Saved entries
------

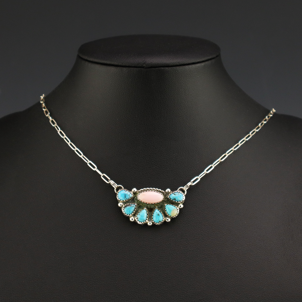 Navajo artist Geraldine James made this beautiful necklace. Sterling silver with Pink Conch and Turquoise stones. This necklace will elevate your jewelry collection and is so versatile, it will look great with any outfit. Weighs 8 grams. Signed
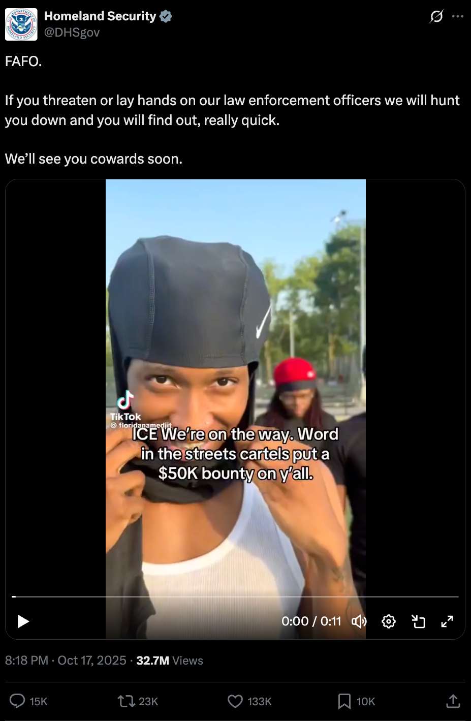 “DHS did not edit, change, use AI, or in any other manner or form alter this video. It was downloaded directly from this individual’s account on Friday, October 17th after it had already acquired over 40,000 likes and hundreds of comments urging individuals to target our ICE officers.
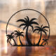 Vector illustration of a tropical sunset and palm trees on a small vacation island paradise. Keywords: beach, caribbean, cartoon, illustration, island, isle, palm, palmtree, paradise, sea, season, silhouette, summer, sun, sunrise, sunset, tree, tropic, tropical, vacation, vector, palms
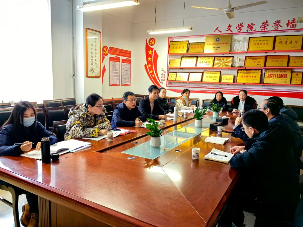 为做好培训工作,1月9日,院长曹熙斌带队,组织各专业负责人、骨干教师代表赴人文学院,与人文学院院长赵前明、副院长雷炳锋、汉语言文学专业负责人方克平就新一轮本科教育教学审核评估工作进行了交流研讨。(通讯员 王晨悦 审核人 曹熙斌)
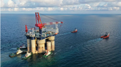 該平臺由下浮體、立柱和上甲板包組成,總長97.5米,寬度92米,高度118米,作業水深達52米,排水量17萬噸,依靠拖帶可在國內無限航區內航行、作業。
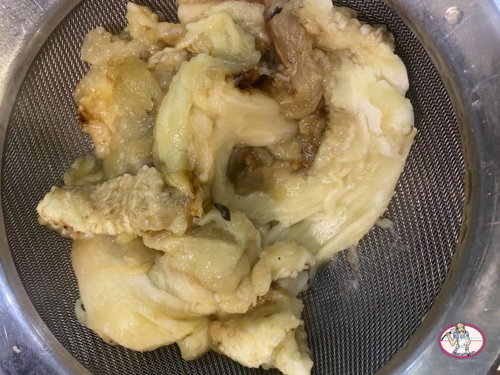 4. Placer la chair de l’aubergine dans une passoire et la laisser s’égoutter
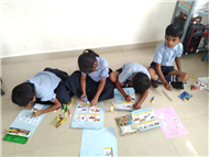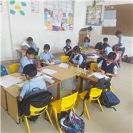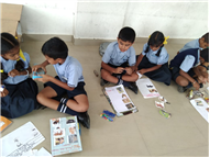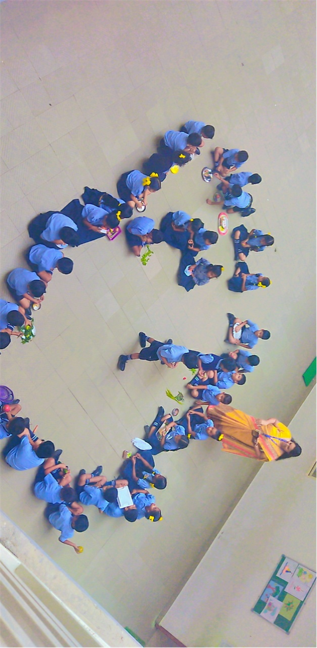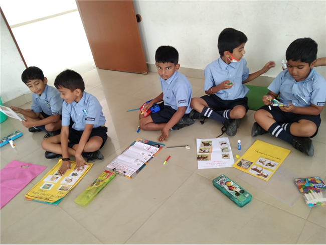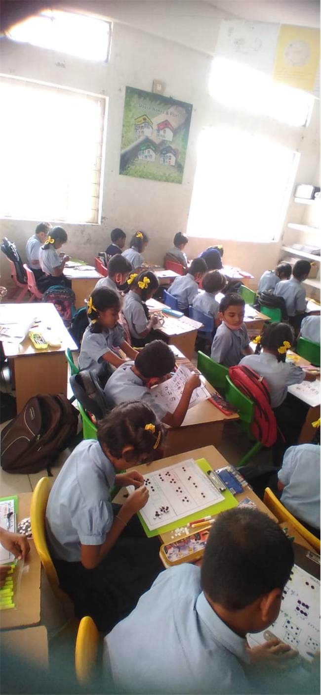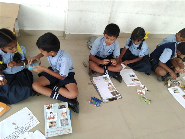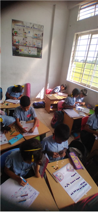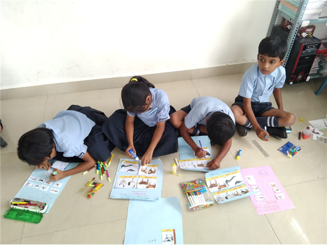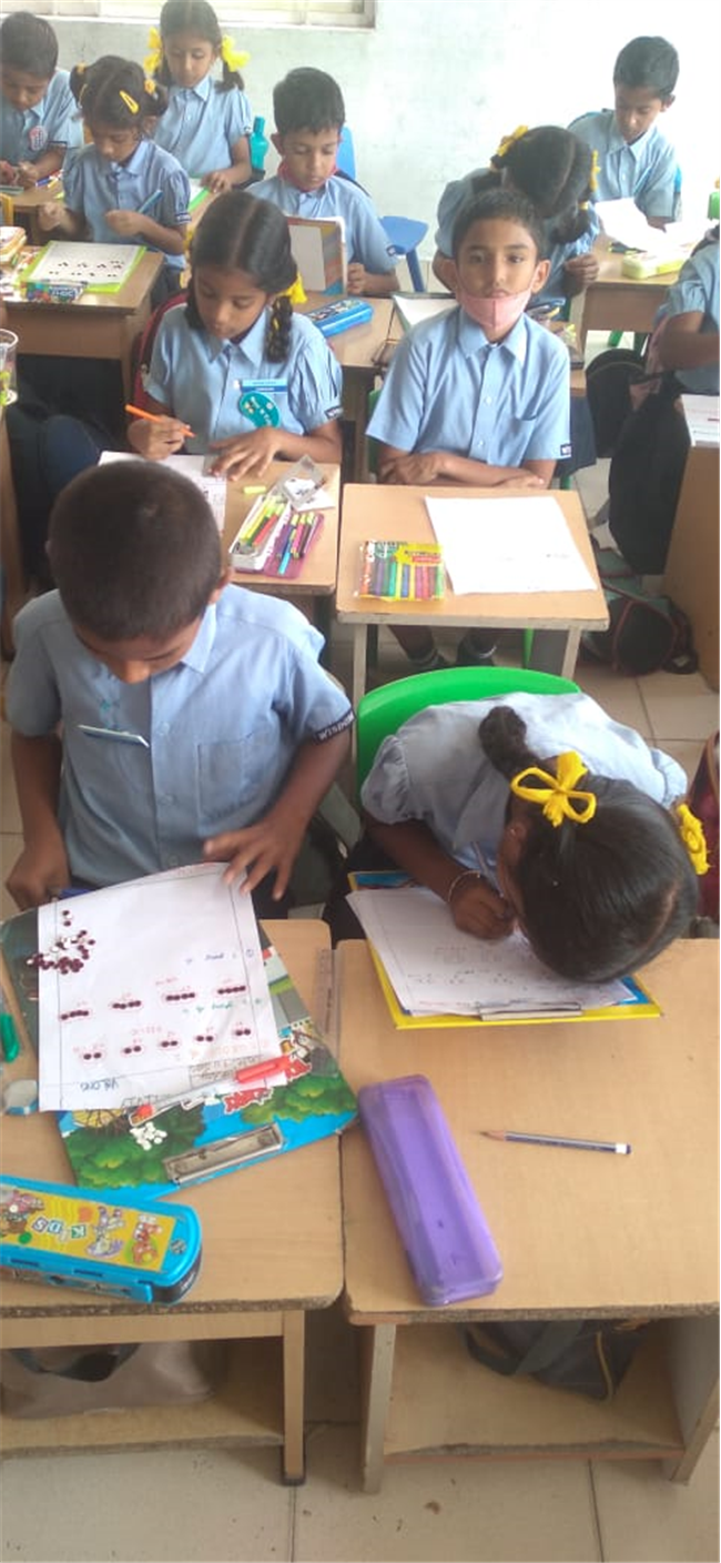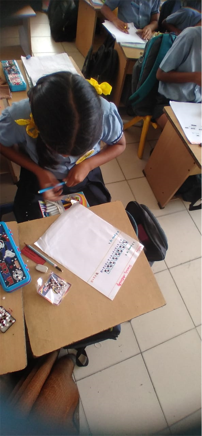Grade 2 students identify male and females of the animals and depict Multiplication sentence using bindi stickers.
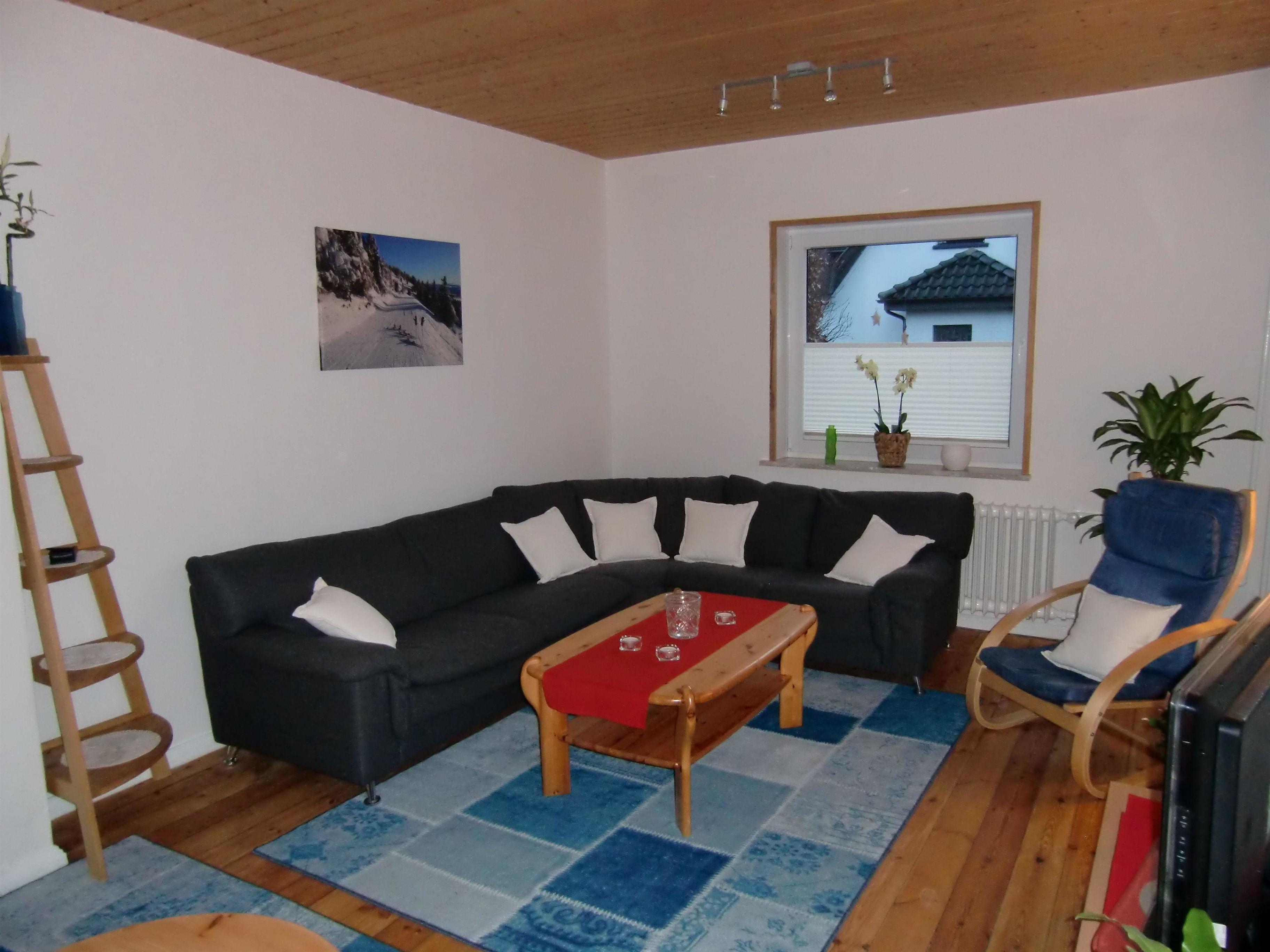 Im großem Wohnzimmer steht eine gemütliche Ecksitzgruppe mit einem Flachbildschirm, Kabel - TV und DVD - Player. WLAN vorhanden.
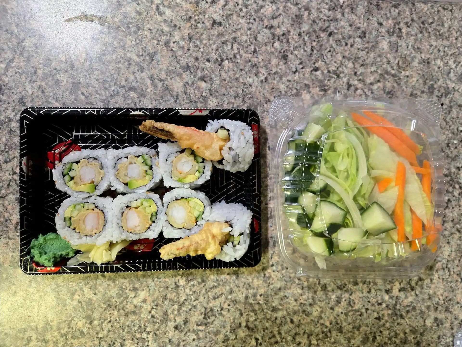 Nori, sushi rice, imitation crab salad, cucumber, avocado, sesame seed
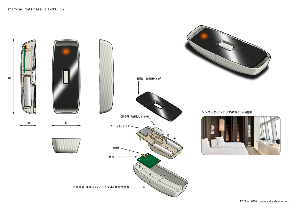 酒井氏による「アロマデフューザー」の手描きスケッチ (クリックで拡大)
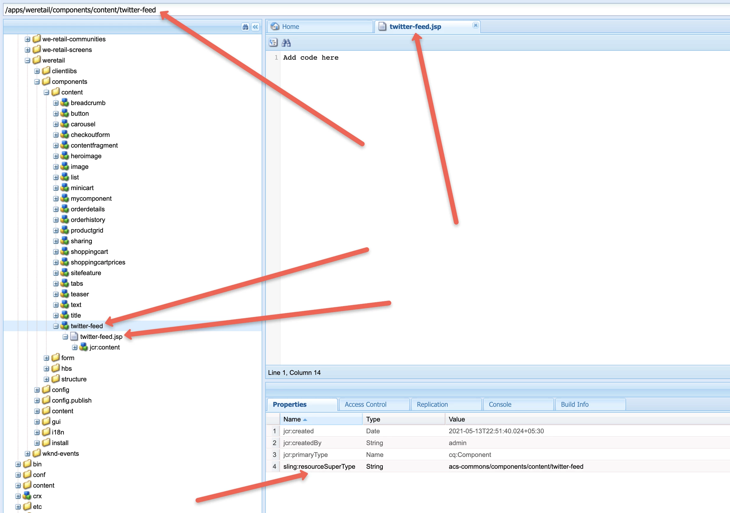 This file exists => /apps/acs-commons/components/content/twitter-feed/twitter-feed.jsp.

------

## [WHAT TO DO]
In the entries above, find the line containing "4. Placer la" and the line containing "Grade 2 students"; give again exactly those two lines and every line between them, minus the pictures.

## [OUTPUT]
 4. Placer la chair de l’aubergine dans une passoire et la laisser s’égoutter
Grade 2 students identify male and females of the animals and depict Multiplication sentence using bindi stickers.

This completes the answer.